AUD: Government budget boost - AmpGFX
Greg Gibbs, Director at Amplifying Global FX Capital, notes that the Australian business journalist Peter Martin made a number of interesting observations as he noted that the Australian government is likely to receive some positive news for a change on the nation’s budget position.
Key Quotes
“Based on Access Economics analysis, Martin estimates that the budget boost from the recent rise in coking coal prices is $7bn per year (assuming the price remains around the recent high). He wrote, “And that’s just for coking coal. The iron ore price is up 40 percent this year. The price of thermal coal (the stuff that makes electricity) is up 55 percent. It’s not bad for an industry that had been shutting mines and laying off workers.”
In May, the Budget deficit for the current fiscal year ended Jun-2016 was forecast by the government at around $A40bn, around 2.2% of GDP. Not disastrous by global standards. Budget repair remains a fairly high priority in Australia, although plans to return to balance are not particularly well-formed.
Martin also noted that, “Moody’s reported on Wednesday that it expects Australia to become the world’s fastest growing AAA-rated commodity exporter, beating Canada, Norway, and New Zealand. It’s not likely to take away the AAA rating any time soon.”

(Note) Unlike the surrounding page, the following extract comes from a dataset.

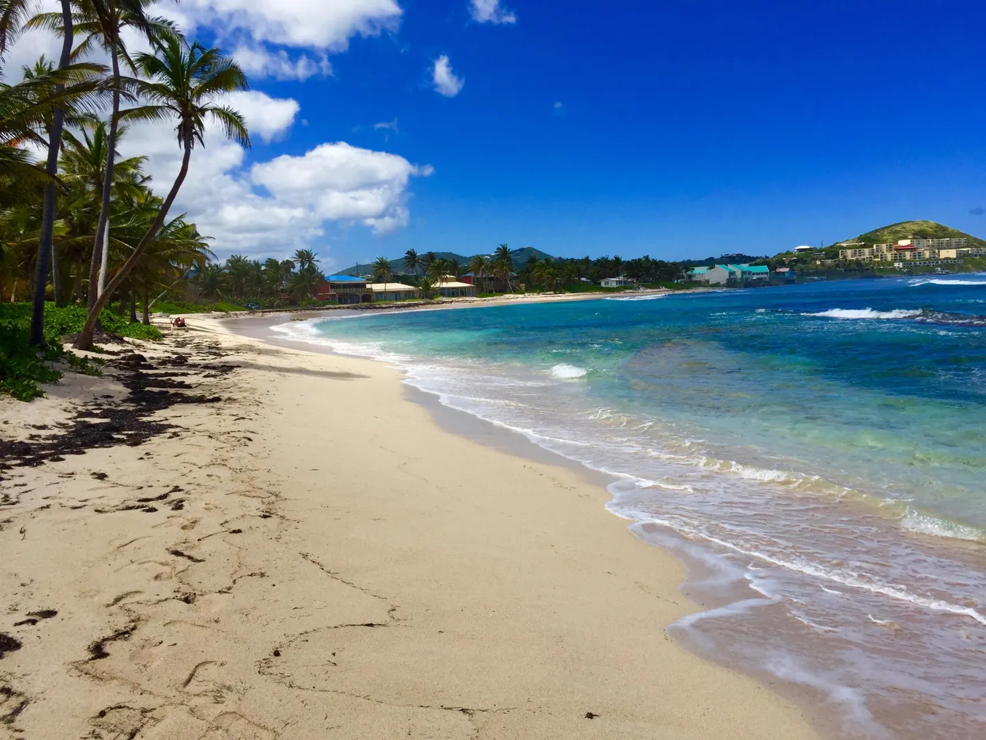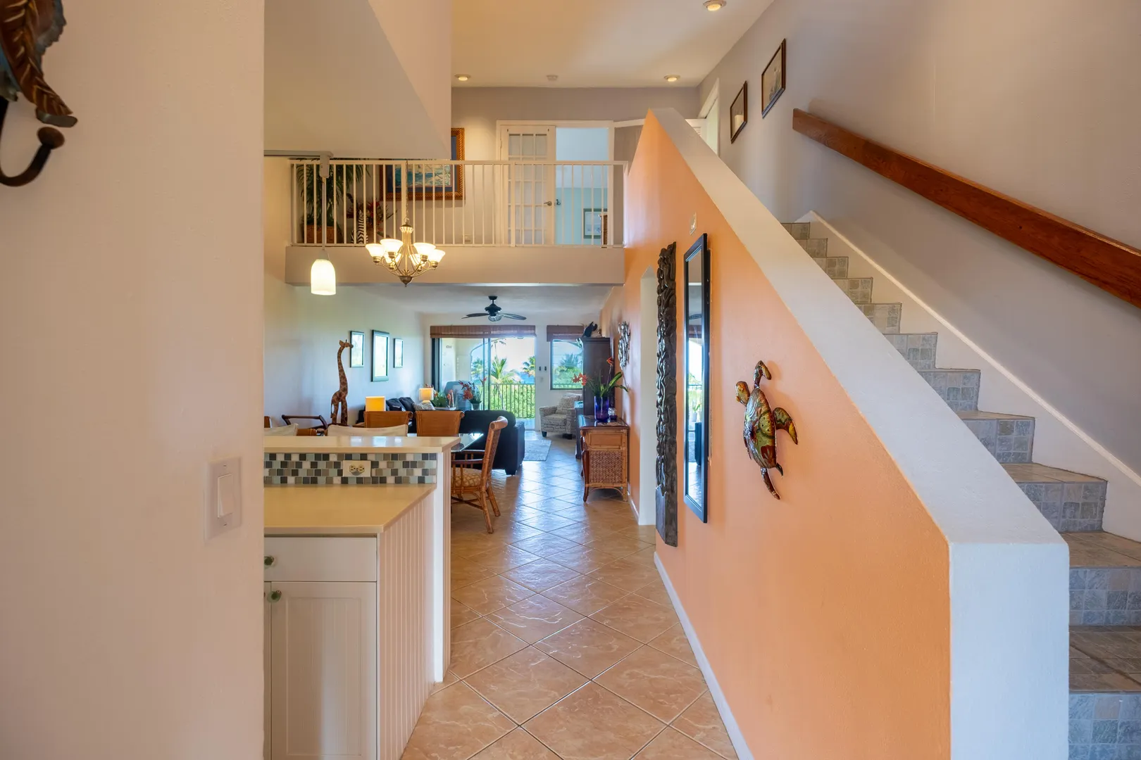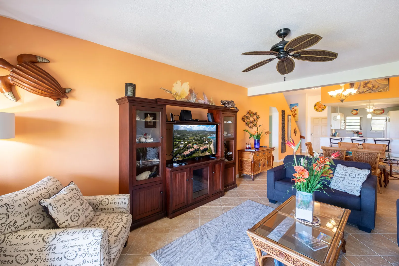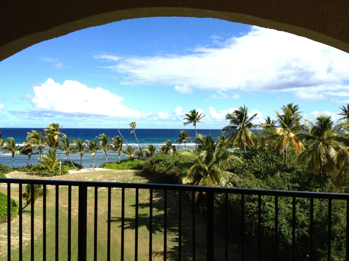 A fantastic top floor penthouse at beautiful Pelican Cove is now available! There are few 3-bedroom condos on St Croix, and this gem is right on the beach, surrounded by tropical landscaping and coconut palms. The complex has a gorgeous pool, gated entry, and peaceful surroundings on a lovely beach. It's been a popular vacation rental due to its size, location, and furnishings. Cathedral ceilings, big porches, A/C in every room, open-concept kitchen with nice breakfast bar, generous bedrooms, large hall bath, plus a convenient half bath are some of its features. The fabulous main bedroom on the top floor has a second large private porch overlooking the Caribbean Sea, and a spacious marble bath with a view of the sea too! This unit has a rare, ample laundry room with a big storage area.

The rebound in commodity prices this year is likely to be treated with some skepticism by the resources industry in Australia as it observes the Chinese and global economy. The sustainable pace of demand growth is likely to remain at its down-shifted levels of recent years, preventing a significant bounce back in investment in the sector. Nevertheless, the income generated from the resurgence in commodity prices is likely to provide some broader support for the economy and help sustain economic confidence. A boost to the budget and external accounts should provide some support for the AUD.”